*How to complete this task*
Could you repeat the entries below exactly, but only from the line with "In order to" through the line with "2025年石牛寨镇稻谷目标价格补贴发放3(西四、新桥、新义、庄楼)", and without any picture?

*The data*
=== Section Start ===

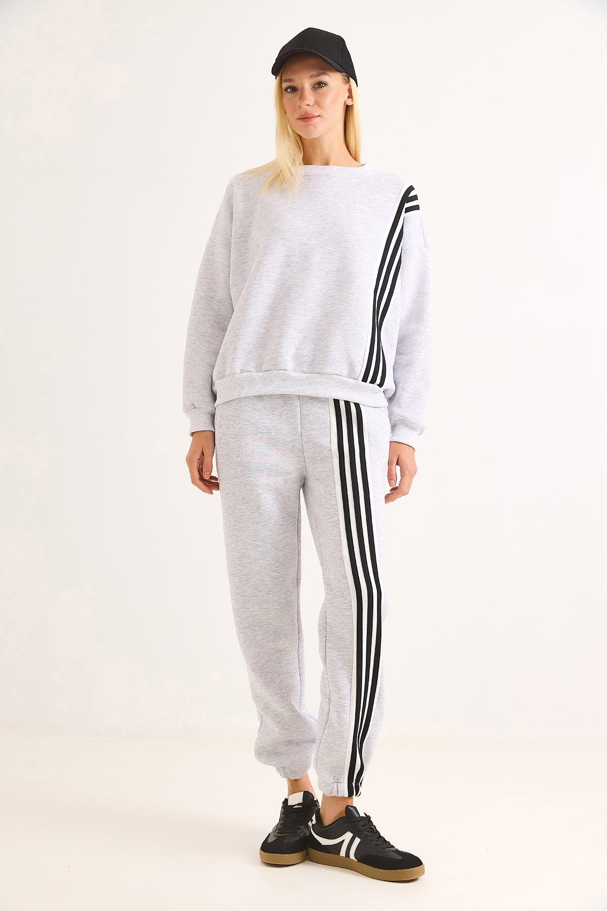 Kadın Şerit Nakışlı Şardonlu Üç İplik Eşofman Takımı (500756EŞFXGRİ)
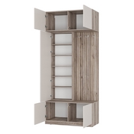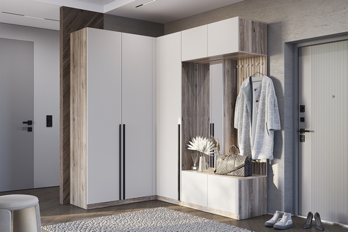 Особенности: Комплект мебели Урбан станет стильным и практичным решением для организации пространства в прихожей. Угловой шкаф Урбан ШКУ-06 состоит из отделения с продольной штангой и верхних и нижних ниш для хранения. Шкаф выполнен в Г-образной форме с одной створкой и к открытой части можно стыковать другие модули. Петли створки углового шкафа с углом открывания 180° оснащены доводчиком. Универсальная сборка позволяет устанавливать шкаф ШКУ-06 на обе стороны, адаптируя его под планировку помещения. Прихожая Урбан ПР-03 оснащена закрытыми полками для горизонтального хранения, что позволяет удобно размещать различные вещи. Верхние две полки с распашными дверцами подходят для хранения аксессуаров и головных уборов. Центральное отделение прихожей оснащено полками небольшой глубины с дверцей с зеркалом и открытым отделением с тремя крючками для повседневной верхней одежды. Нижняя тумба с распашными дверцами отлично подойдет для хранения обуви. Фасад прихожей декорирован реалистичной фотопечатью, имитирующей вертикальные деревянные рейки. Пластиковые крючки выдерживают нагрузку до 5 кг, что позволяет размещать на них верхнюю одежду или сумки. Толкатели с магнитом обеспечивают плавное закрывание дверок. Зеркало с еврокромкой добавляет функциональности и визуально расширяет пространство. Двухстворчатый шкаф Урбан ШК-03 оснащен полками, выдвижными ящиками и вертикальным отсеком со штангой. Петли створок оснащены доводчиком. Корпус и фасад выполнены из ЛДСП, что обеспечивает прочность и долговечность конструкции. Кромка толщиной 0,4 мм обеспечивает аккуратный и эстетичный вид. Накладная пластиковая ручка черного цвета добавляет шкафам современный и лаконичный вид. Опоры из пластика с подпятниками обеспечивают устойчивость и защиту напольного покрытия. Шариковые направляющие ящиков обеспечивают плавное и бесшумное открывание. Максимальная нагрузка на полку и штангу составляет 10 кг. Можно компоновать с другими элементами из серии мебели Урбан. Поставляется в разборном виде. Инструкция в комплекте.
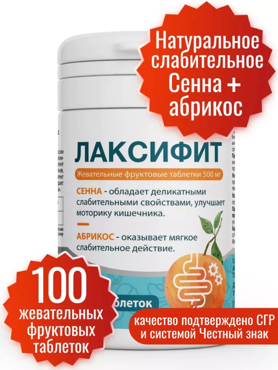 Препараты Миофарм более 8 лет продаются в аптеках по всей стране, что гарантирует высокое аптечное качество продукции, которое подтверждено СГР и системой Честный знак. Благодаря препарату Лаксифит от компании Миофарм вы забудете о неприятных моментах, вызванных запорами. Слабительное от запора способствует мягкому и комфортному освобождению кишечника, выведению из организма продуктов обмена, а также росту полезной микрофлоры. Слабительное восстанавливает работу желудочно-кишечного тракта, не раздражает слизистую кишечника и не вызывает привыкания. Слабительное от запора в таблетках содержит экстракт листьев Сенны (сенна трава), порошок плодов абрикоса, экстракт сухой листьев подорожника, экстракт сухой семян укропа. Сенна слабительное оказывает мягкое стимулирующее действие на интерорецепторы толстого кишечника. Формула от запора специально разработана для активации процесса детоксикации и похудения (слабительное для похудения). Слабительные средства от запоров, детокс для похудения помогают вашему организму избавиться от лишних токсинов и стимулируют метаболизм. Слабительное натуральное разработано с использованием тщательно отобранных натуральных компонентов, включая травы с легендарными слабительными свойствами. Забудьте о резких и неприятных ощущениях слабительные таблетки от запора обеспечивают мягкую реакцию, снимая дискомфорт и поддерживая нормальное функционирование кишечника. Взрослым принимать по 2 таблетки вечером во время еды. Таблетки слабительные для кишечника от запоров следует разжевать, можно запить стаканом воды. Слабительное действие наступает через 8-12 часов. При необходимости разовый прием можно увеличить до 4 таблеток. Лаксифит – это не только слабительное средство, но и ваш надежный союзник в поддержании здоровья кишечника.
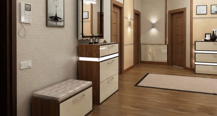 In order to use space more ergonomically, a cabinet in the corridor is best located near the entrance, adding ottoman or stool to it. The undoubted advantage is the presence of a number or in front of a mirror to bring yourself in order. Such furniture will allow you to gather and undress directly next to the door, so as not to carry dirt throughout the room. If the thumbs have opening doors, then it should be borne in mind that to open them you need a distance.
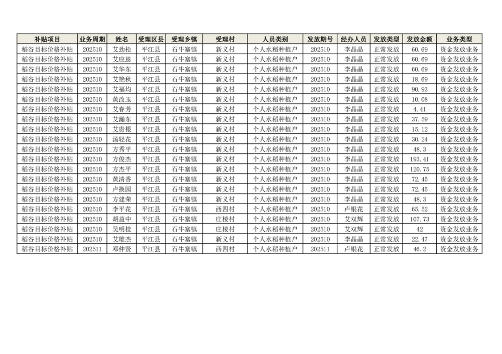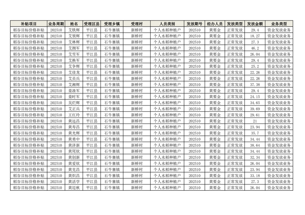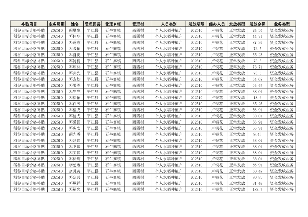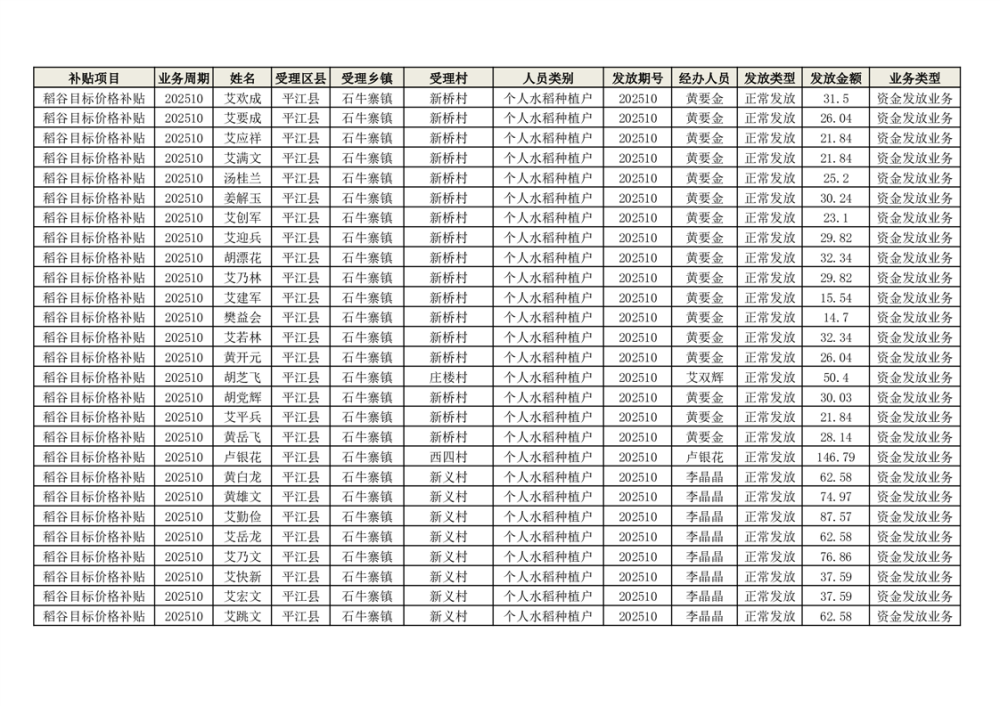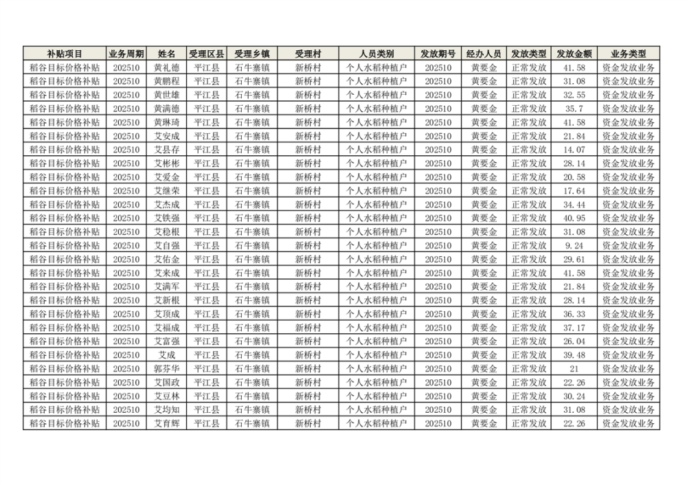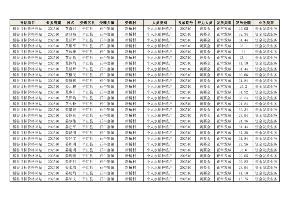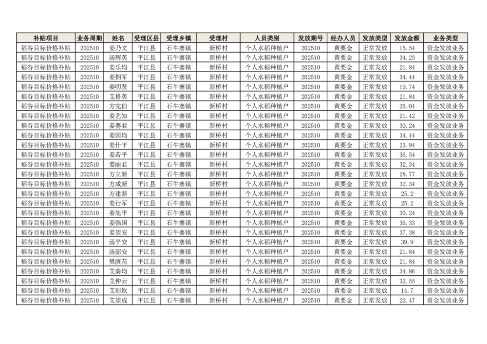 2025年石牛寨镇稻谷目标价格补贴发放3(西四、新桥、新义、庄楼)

=== Section End ===
=== Section Start ===

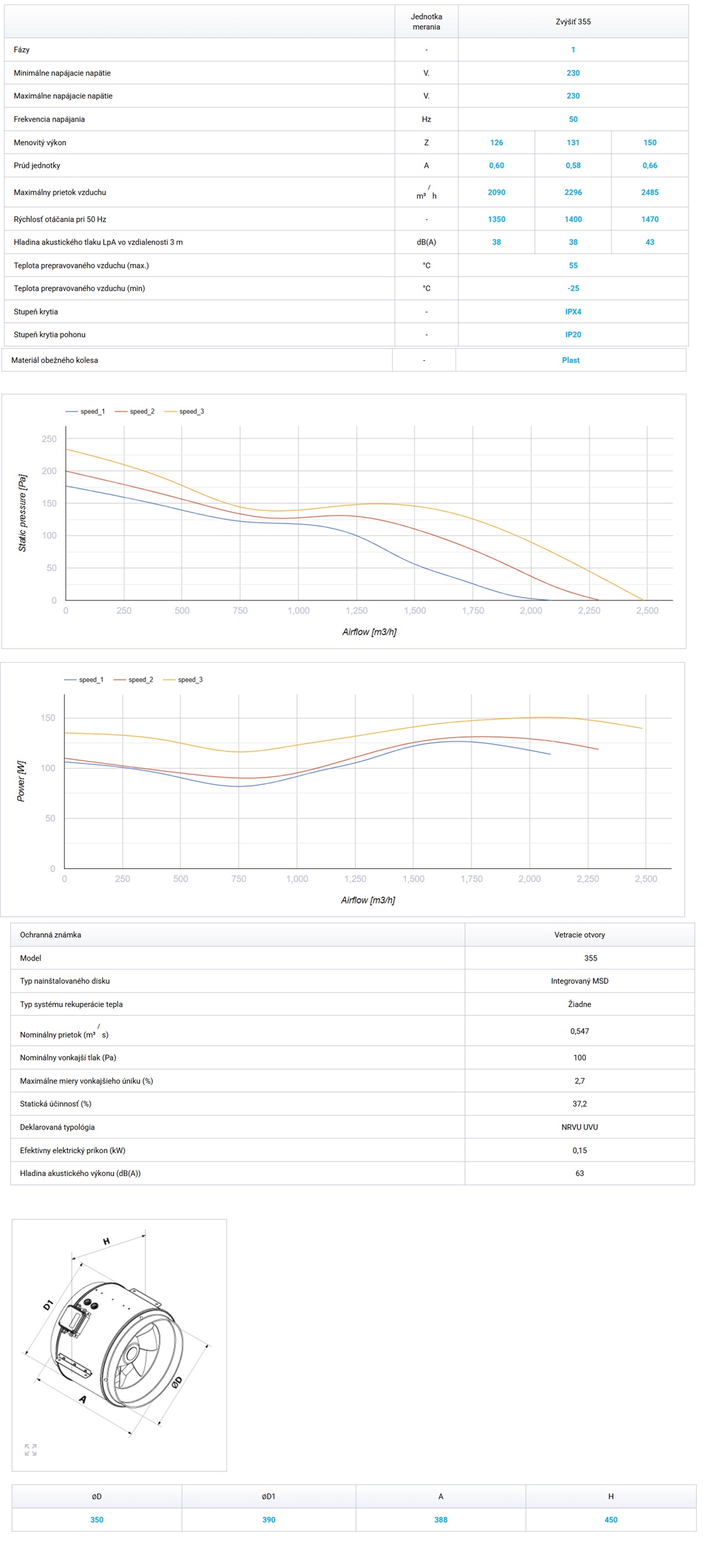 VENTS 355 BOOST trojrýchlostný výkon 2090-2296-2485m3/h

=== Section End ===

*Answer space*
 In order to use space more ergonomically, a cabinet in the corridor is best located near the entrance, adding ottoman or stool to it. The undoubted advantage is the presence of a number or in front of a mirror to bring yourself in order. Such furniture will allow you to gather and undress directly next to the door, so as not to carry dirt throughout the room. If the thumbs have opening doors, then it should be borne in mind that to open them you need a distance.
 2025年石牛寨镇稻谷目标价格补贴发放3(西四、新桥、新义、庄楼)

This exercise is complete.